→ **Provided entries**
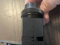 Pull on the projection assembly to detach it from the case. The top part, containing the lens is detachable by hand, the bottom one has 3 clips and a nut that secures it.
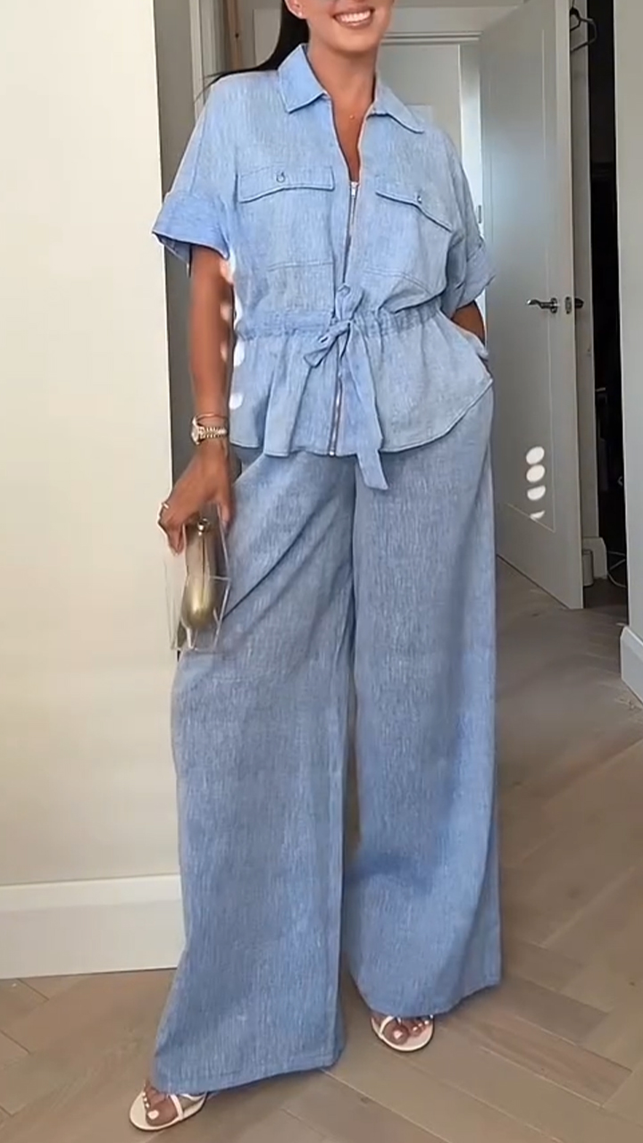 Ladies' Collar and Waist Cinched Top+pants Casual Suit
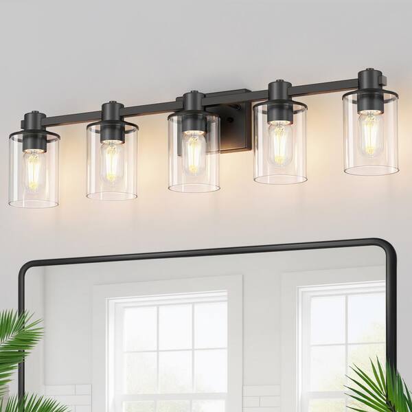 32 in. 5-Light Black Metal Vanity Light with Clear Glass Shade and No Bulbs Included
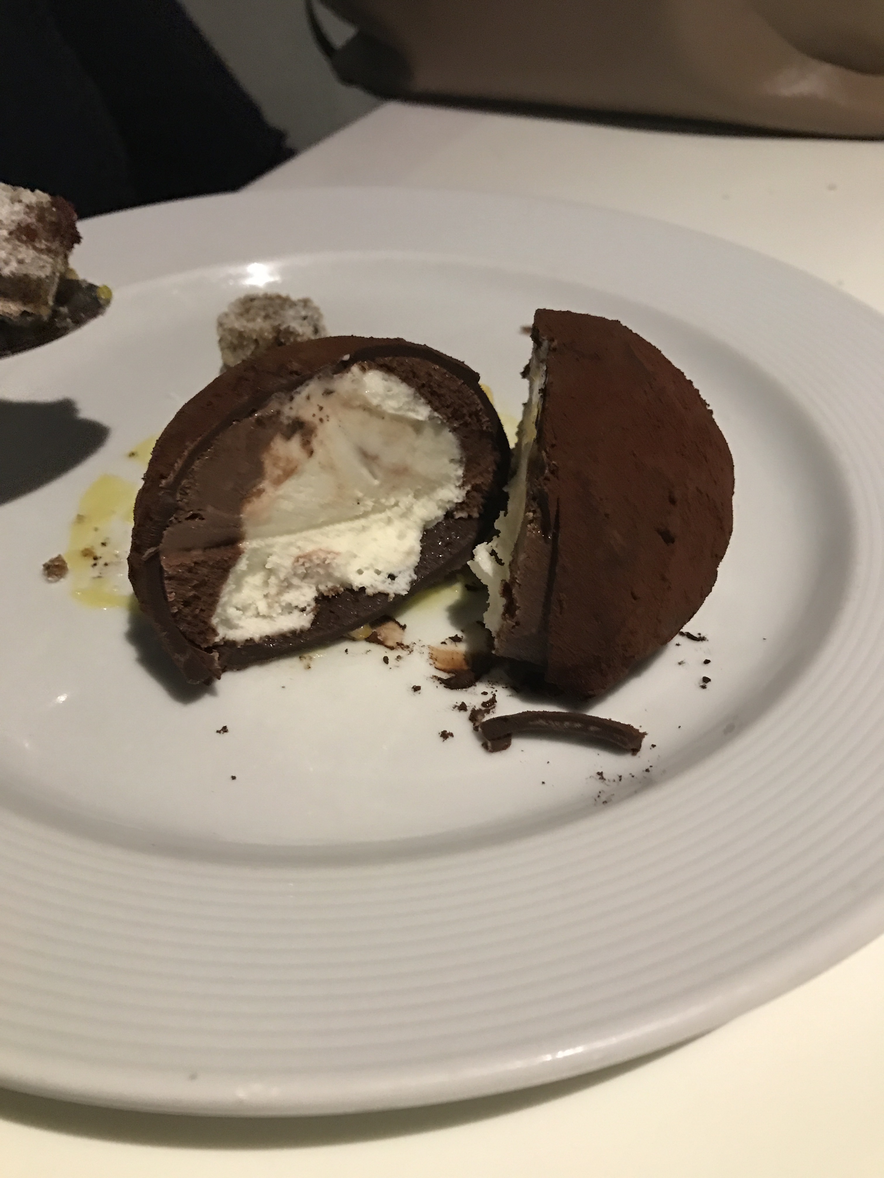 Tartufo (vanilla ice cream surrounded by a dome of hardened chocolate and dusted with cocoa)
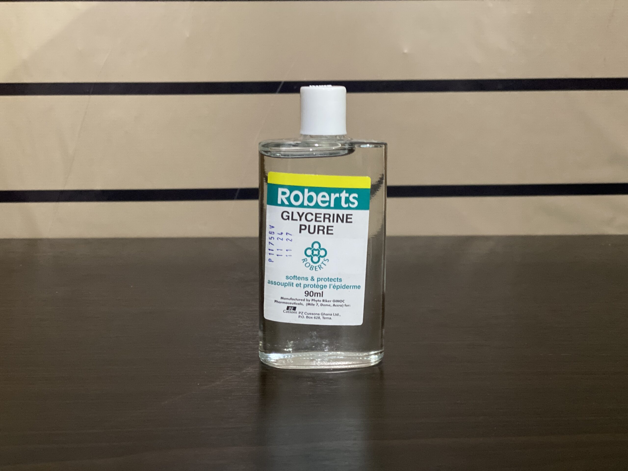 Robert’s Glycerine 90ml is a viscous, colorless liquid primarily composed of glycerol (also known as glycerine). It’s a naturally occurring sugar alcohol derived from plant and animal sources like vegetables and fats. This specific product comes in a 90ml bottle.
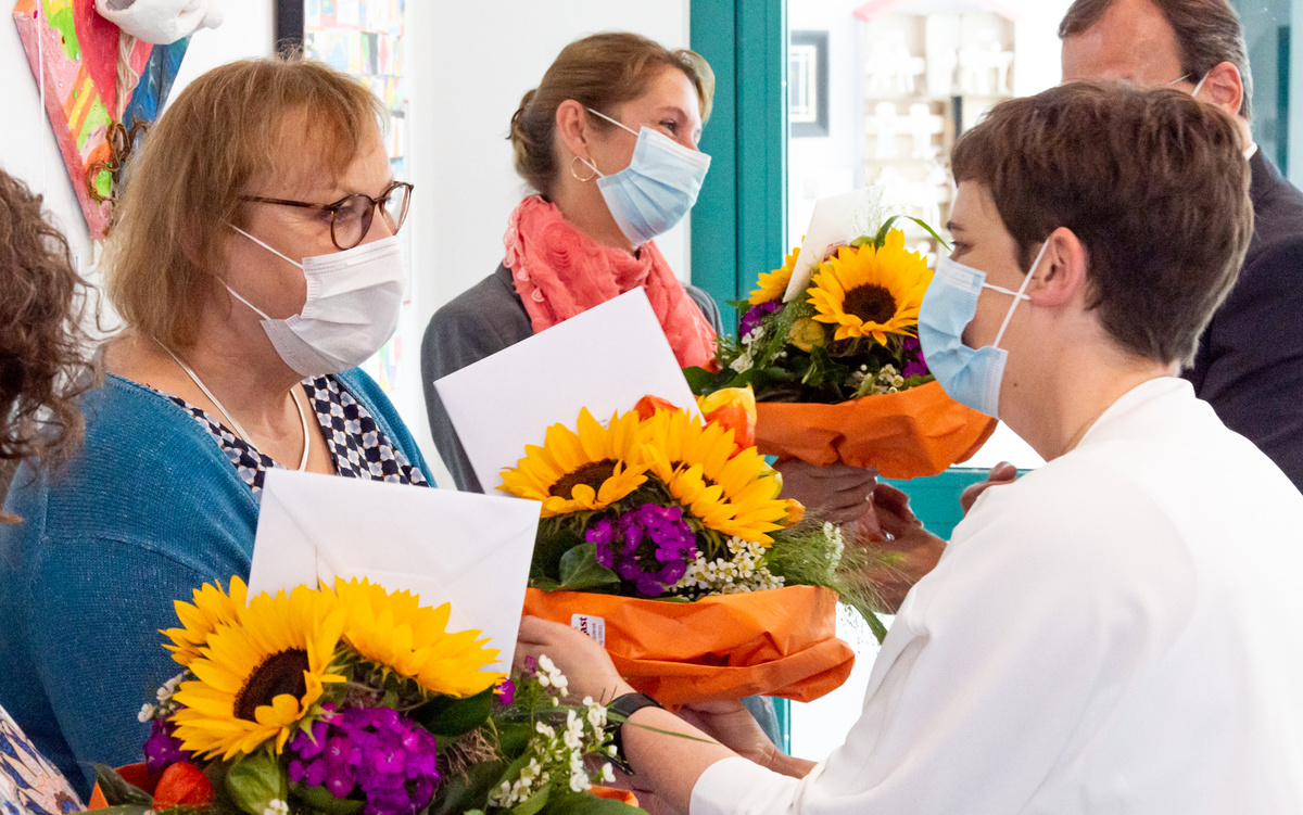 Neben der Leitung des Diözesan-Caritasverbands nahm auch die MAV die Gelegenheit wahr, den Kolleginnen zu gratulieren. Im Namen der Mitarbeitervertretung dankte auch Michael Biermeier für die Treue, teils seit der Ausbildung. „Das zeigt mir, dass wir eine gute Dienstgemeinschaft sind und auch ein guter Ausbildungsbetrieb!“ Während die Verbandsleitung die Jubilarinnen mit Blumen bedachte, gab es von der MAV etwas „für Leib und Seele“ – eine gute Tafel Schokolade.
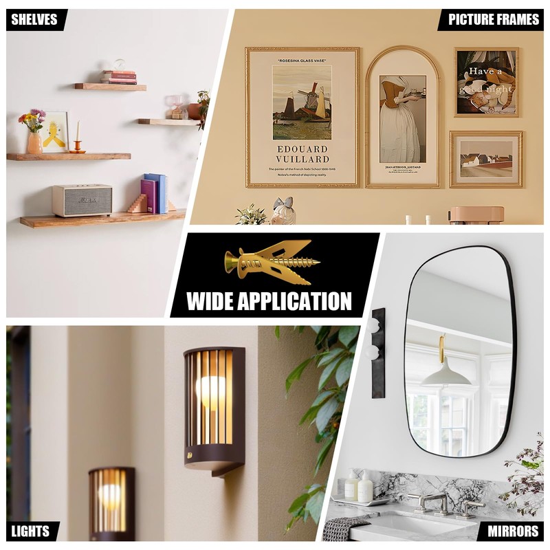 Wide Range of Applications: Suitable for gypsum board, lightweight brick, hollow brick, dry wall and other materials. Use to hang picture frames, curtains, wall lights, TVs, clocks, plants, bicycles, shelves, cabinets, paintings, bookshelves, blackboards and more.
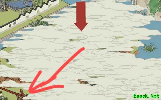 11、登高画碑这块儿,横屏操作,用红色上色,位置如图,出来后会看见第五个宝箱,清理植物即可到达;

→ **Task description**
Omit each picture, then return all of the listing exactly as it stands.

→ **Worked solution**
 Pull on the projection assembly to detach it from the case. The top part, containing the lens is detachable by hand, the bottom one has 3 clips and a nut that secures it.
 Ladies' Collar and Waist Cinched Top+pants Casual Suit
 32 in. 5-Light Black Metal Vanity Light with Clear Glass Shade and No Bulbs Included
 Tartufo (vanilla ice cream surrounded by a dome of hardened chocolate and dusted with cocoa)
 Robert’s Glycerine 90ml is a viscous, colorless liquid primarily composed of glycerol (also known as glycerine). It’s a naturally occurring sugar alcohol derived from plant and animal sources like vegetables and fats. This specific product comes in a 90ml bottle.
 Neben der Leitung des Diözesan-Caritasverbands nahm auch die MAV die Gelegenheit wahr, den Kolleginnen zu gratulieren. Im Namen der Mitarbeitervertretung dankte auch Michael Biermeier für die Treue, teils seit der Ausbildung. „Das zeigt mir, dass wir eine gute Dienstgemeinschaft sind und auch ein guter Ausbildungsbetrieb!“ Während die Verbandsleitung die Jubilarinnen mit Blumen bedachte, gab es von der MAV etwas „für Leib und Seele“ – eine gute Tafel Schokolade.
 Wide Range of Applications: Suitable for gypsum board, lightweight brick, hollow brick, dry wall and other materials. Use to hang picture frames, curtains, wall lights, TVs, clocks, plants, bicycles, shelves, cabinets, paintings, bookshelves, blackboards and more.
 11、登高画碑这块儿,横屏操作,用红色上色,位置如图,出来后会看见第五个宝箱,清理植物即可到达;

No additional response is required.